START Exercise data
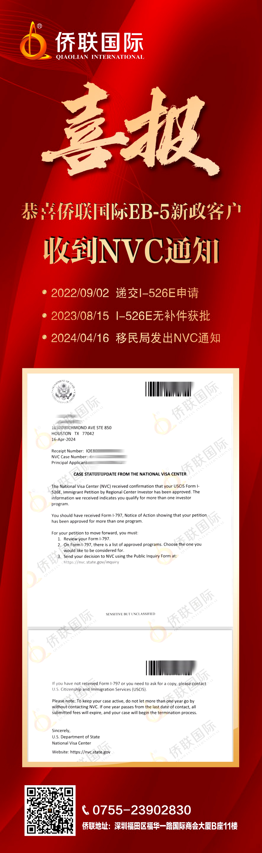 恭喜侨联国际EB-5新政客户收到NVC通知!
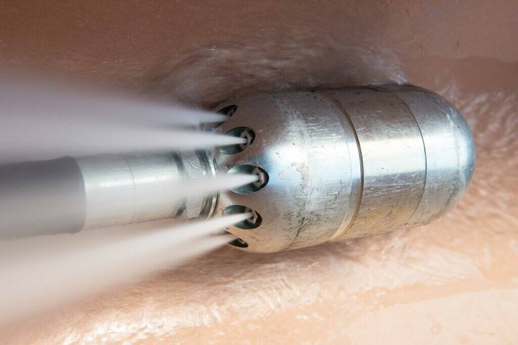 - Процесс гидродинамической очистки труб Гидродинамическая очистка труб включает в себя использование струи воды под высоким давлением для удаления любого мусора или наростов внутри труб. Давление воды обычно составляет от 1500 до 4000 фунтов на квадратный дюйм, в зависимости от серьезности закупорки. Затем вода направляется в трубу через специальное сопло, которое можно регулировать для создания различных форм распыления и углов.
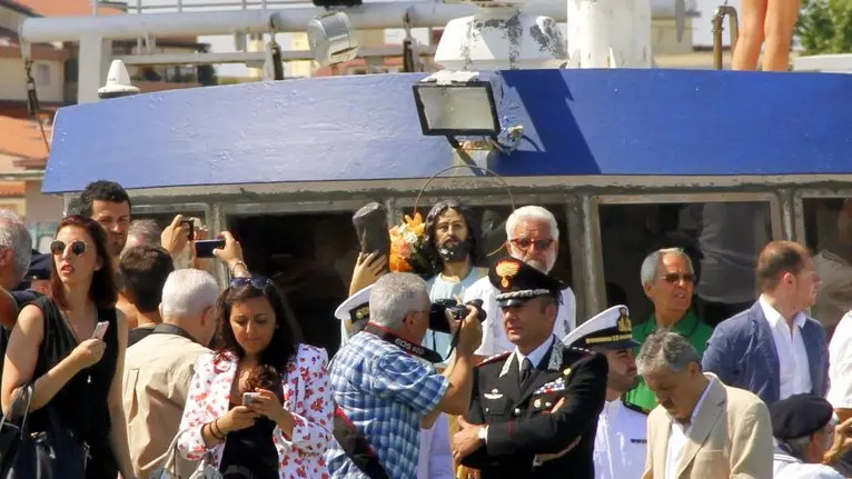 La pazza estate 2014 non cambia la tradizione: la statua del santo patrono, accompagnata da 40 barche, è stata portata in mare per la processione
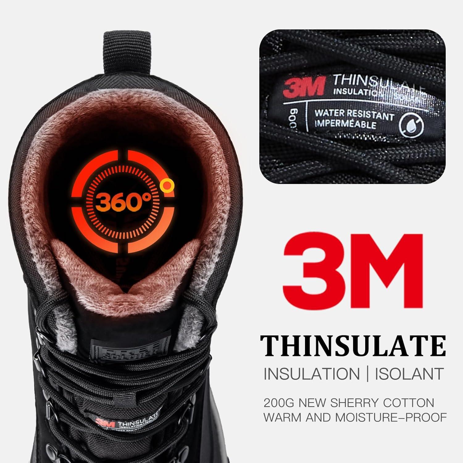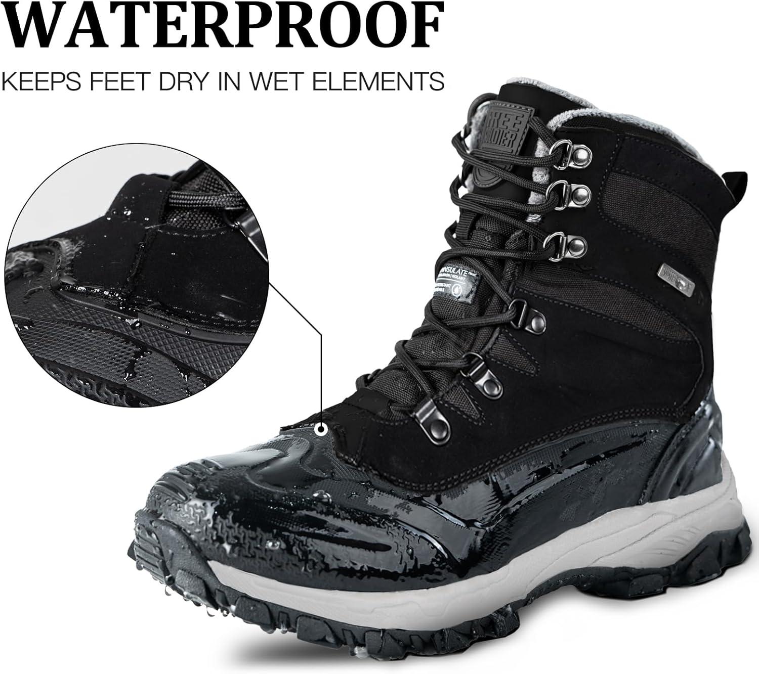 TRIPLE WATERPROOFING-RB WATERPROOF SHELL AND WATERPROOF SOCK LINER: With rain and snow in winter, a pair of waterproof snow boots is a must. The men's snow boots have an RB waterproof shell, a waterproof 900D Oxford fabric upper, and a waterproof lining inside. The tongue’s sandwich layer provides extra defense against cold and moisture, making these boots ideal for wet streets or snowy terrain. This pair of snow hiking boots is your reliable partner
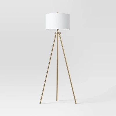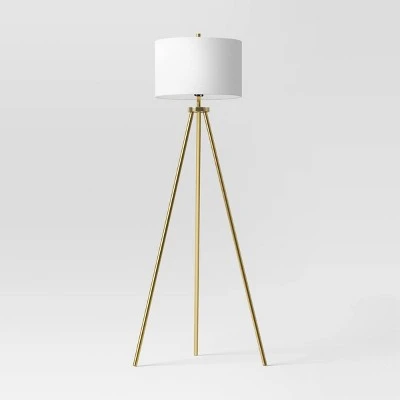 Add a new twist to your indoor lighting with this Ellis Tripod Floor Lamp from Threshold™. This floor lamp features a tripod-leg base and a white drum shade to finish off the crisp look. It’s gold-tone brass finish adds shine and effortlessly complements a range of decor styles. Place it next to a sofa in your seating area or living room to light up and decorate your space.
END Exercise data
Task directions:
Extract, word for word, each line from the one that contains "La pazza estate" through the final line of the data above. Leave the pictures out.

Expected answer:
 La pazza estate 2014 non cambia la tradizione: la statua del santo patrono, accompagnata da 40 barche, è stata portata in mare per la processione
 TRIPLE WATERPROOFING-RB WATERPROOF SHELL AND WATERPROOF SOCK LINER: With rain and snow in winter, a pair of waterproof snow boots is a must. The men's snow boots have an RB waterproof shell, a waterproof 900D Oxford fabric upper, and a waterproof lining inside. The tongue’s sandwich layer provides extra defense against cold and moisture, making these boots ideal for wet streets or snowy terrain. This pair of snow hiking boots is your reliable partner
 Add a new twist to your indoor lighting with this Ellis Tripod Floor Lamp from Threshold™. This floor lamp features a tripod-leg base and a white drum shade to finish off the crisp look. It’s gold-tone brass finish adds shine and effortlessly complements a range of decor styles. Place it next to a sofa in your seating area or living room to light up and decorate your space.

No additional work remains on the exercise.